If "MCZ" is on the title it a homebuilt michigan boat. There is no Michigan Boatworks in the HIN database. All these boats were either homebuilt or built by someone that wasn't smart enough to figure out you can't make money building Searunners!

The boat I'm working on presently is a Searunner 34 supposedly built by a company called Lonestar trimarans. You'll all have heard of them of course!

The centerboard trunk is the achilles heel of the Searunner design. I have yet to be on a searunner yet, Marks aside, that did not require some trunk repair. As you have a rather large leak; letting it go is not an option. I'm presently replacing the entire trunk and vertical end logs on this Lonestar SR 34. I plan to post a few pics of it in a few days.

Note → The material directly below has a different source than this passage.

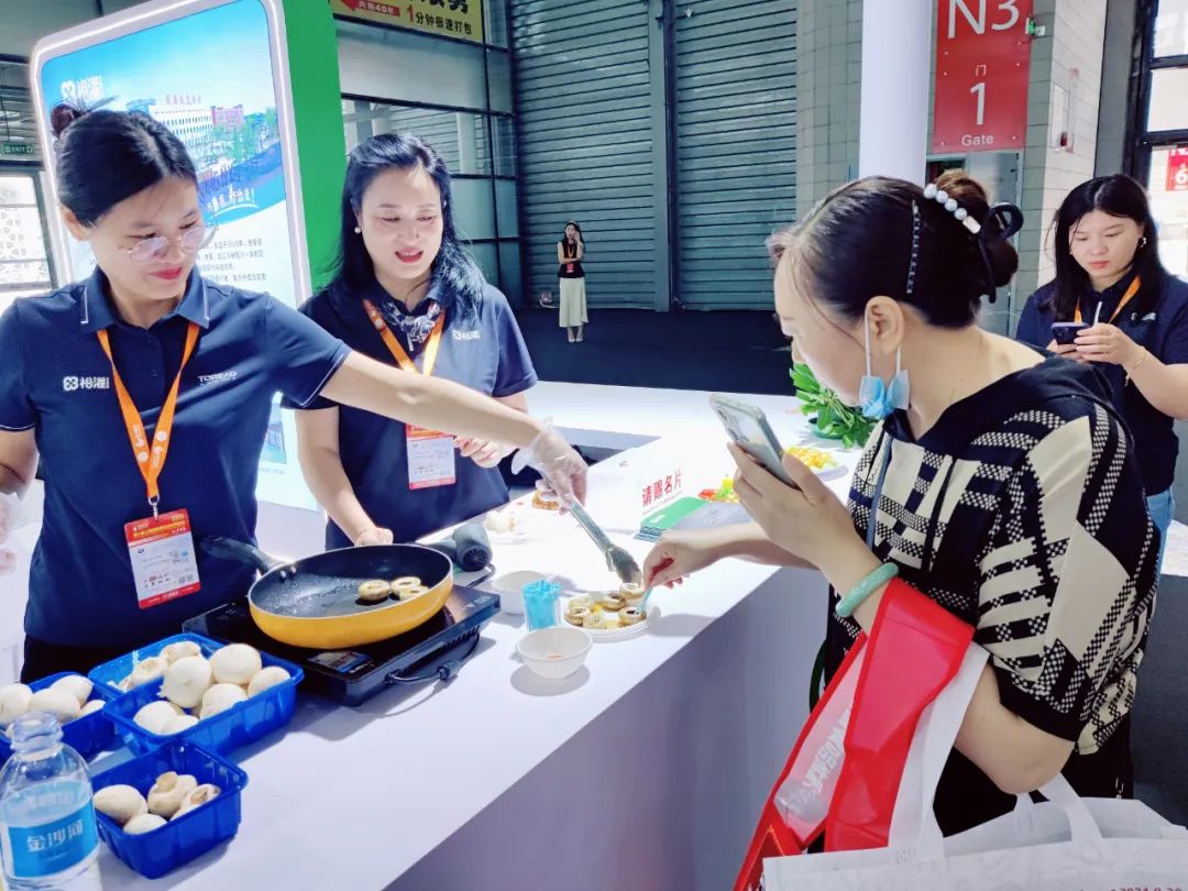 展会现场,江苏裕灌的展位吸引了众多观众和采购商的目光。公司带来了丰富多样产品形态,包括各类优质白蘑菇、蘑菇盆栽以及蘑菇罐头等。同时,在展台还设置了烹饪品尝区,现场烹饪的白蘑菇香气四溢,充分展示了其在食材领域的深厚底蕴和创新能力。白蘑菇产品不仅品质上乘,而且口感独特,赢得了现场观众的一致好评。

I know you just bought your boat, but was it surveyed by someone competent? The SR 34 I'm on was surveyed by a trimaran builder and quoted the owner 16K to get it right. Major conflict of interest as he started the work and now 2 years and 25K later it will hopefully be done in a few months. Point is he missed a ton of problems in his "survey" that were not in the original repair estimate.

What are your plans for the boat? Most of these boats are no longer capable of offshore sailing safely without major work. I'd recommend you seriously consider your priorities and the complete condition of your boat prior to planning repairs.